Work instruction - From the first line of the listing below to the line with "今日の献立は、「ごはん、牛乳", print each line exactly, and nothing more. Leave out the pictures.

Stored data -
__________________________________________________
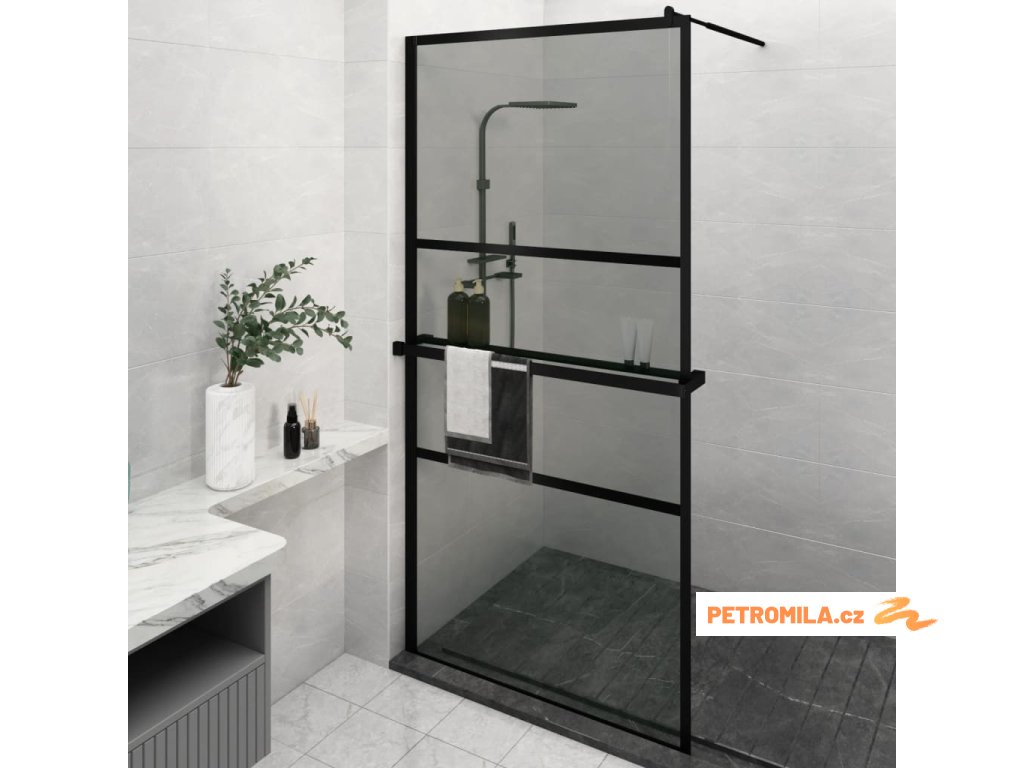 Zástěna do průchozí sprchy s policí černá 115x195 cm ESG/hliník
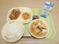 今日の献立は、「ごはん、牛乳、ぶたにくのしょうがやき、ほうれんそうのごまあえ、けんちんじる」です。619キロカロリーです。
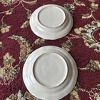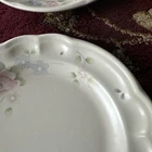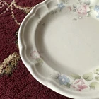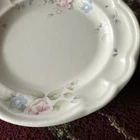 This set of 2 Pfaltzgraff Tea Rose dessert and salad plates is a great addition to any table. The plates measure 7.25" and feature a beautiful floral design in ivory, pink, green, and blue. Made of stoneware, these plates are durable and can be put in the dishwasher or microwave without any worries. The set includes eight salad plates, but can also be used for dessert or as a set. The brand is Pfaltzgraff, and the production style is art pottery. These plates are perfect for all occasions and will add a touch of elegance to any meal. Good used condition, no chips or cracks, normal wear.
__________________________________________________
Answer box -
 Zástěna do průchozí sprchy s policí černá 115x195 cm ESG/hliník
 今日の献立は、「ごはん、牛乳、ぶたにくのしょうがやき、ほうれんそうのごまあえ、けんちんじる」です。619キロカロリーです。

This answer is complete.